Sparse Calculations: [1.5000e+01] Writes and [3.0000e+01] Reads

The order of calculated cells is identical for both:

Figure 4.

Well, in this case complete agg is more efficient than focused agg, since it had to read only 30 blocks instead of 36. But we are not comparing apples to apples here, and the reason is this line in the log:

Calculator Cache With Multiple Bitmaps For: [Currency].

In our focused aggregation we notice this in the output:

Calculator Cache: [Disabled].

Why was calculator cache disabled for focused aggregation? Because by default it is enabled only when at least one full sparse dimension is calculated. To override that default we used SET CACHE ALL; statement. To have consistent results we either need to SET CACHE ALL for focused calculations, or SET CACHE OFF for native AGG. If we disable calc cache for native AGG we get the same

Sparse Calculations: [1.5000e+01] Writes and [3.6000e+01] Reads

In further examples we disable calculator cache for consistency.

Multiple Dimension in Rows: Focused Agg Efficiency

What happens if we put 2 dimensions in the rows? Lets say we have 4 combinations of level 0 members in rows:

If only one combination gets updated, say Dim1_111->Dim2_112 we would still need to calculate only 15 cells.
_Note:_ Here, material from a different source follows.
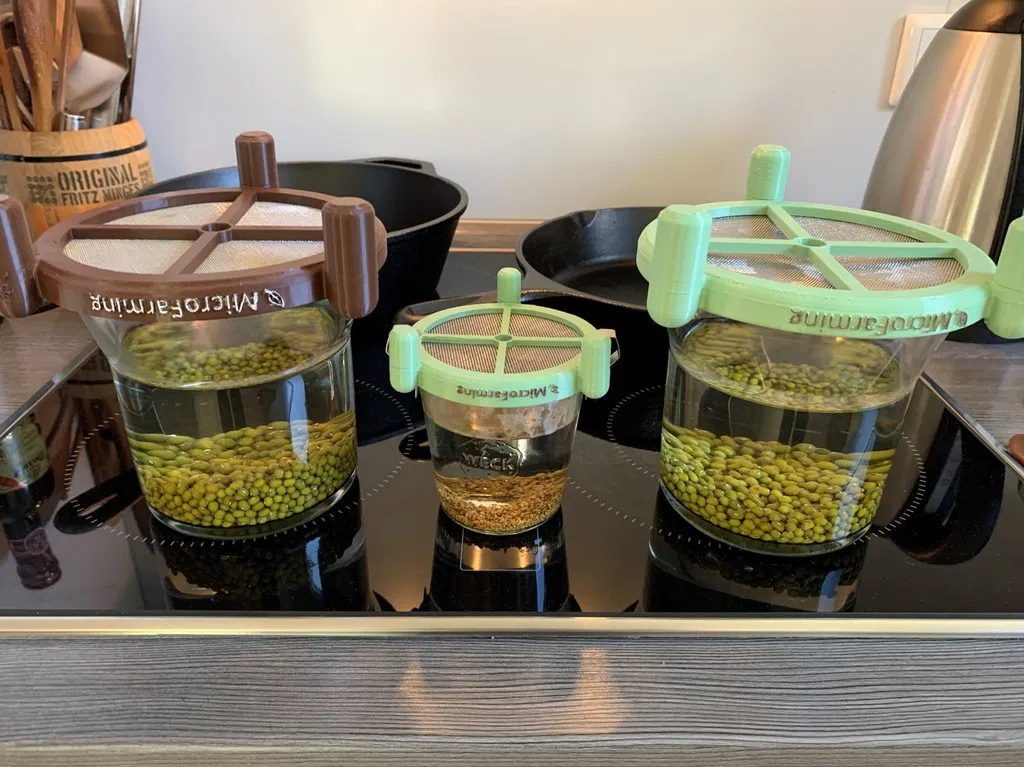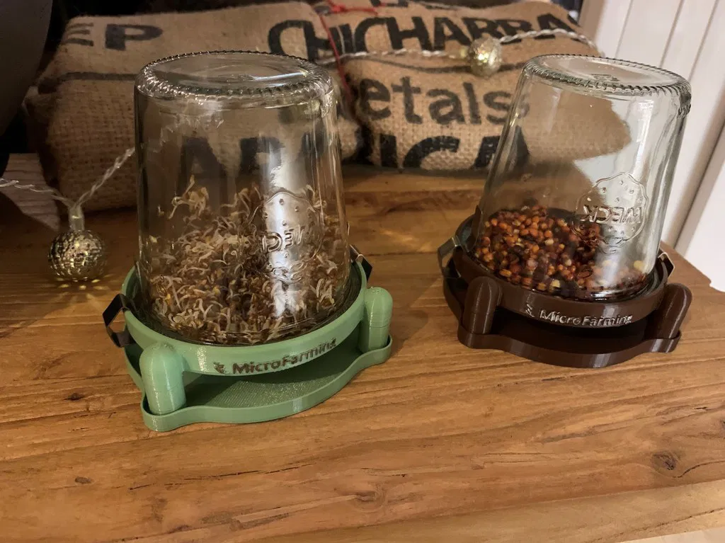 Phiên bản Hũ Weck của máy ươm mầm, thiết kế cho Hũ Thủy Tinh Weck 290ml. Sử dụng kẹp kim loại Weck gốc để giữ cố định. Có thể in bằng PLA hoặc PETG. Hoàn hảo để trồng rau mầm và cây con tại nhà.

Although layout of the form has changed, nothing changed from calculation requirements perspective. Those are the same cells from the previous example.

But since our aggregation needs to take care of 2 dimensions brought into rows, our script is based on descendant and ancestors of Dim1_11 and Dim2_11. This is how it looks like:

/*---Script BR002---*/

FIX(@RELATIVE("DIM2_11",0))

@IDESCENDANTS("DIM1_11");

@ANCESTORS("DIM1_11");

ENDFIX

FIX(@IDESCENDANTS("DIM1_11"), @ANCESTORS("DIM1_11"))

@IDESCENDANTS("DIM2_11");

@ANCESTORS("DIM2_11");

ENDFIX

And this is the output:

Output from Script BR002

Calculating [ Dim1(Dim1_111,Dim1_112,Dim1_11,Dim1_1,Dim1)] with fixed members [Dim2(Dim2_111, Dim2_112)].

Executing Block - [Dim1_11], [Dim2_111], [Working], [BUDGET], [FY14].

Executing Block - [Dim1_1], [Dim2_111], [Working], [BUDGET], [FY14].

Executing Block - [Dim1], [Dim2_111], [Working], [BUDGET], [FY14].

Executing Block - [Dim1_11], [Dim2_112], [Working], [BUDGET], [FY14].

Executing Block - [Dim1_1], [Dim2_112], [Working], [BUDGET], [FY14].

Executing Block - [Dim1], [Dim2_112], [Working], [BUDGET], [FY14].

Sparse Calculations: [6.0000e+00] Writes and [1.6000e+01] Reads

Calculating [ Dim2(Dim2_111,Dim2_112,Dim2_11,Dim2_1,Dim2)] with fixed members [Dim1(Dim1_111, Dim1_112, Dim1_11, Dim1_1, Dim1)].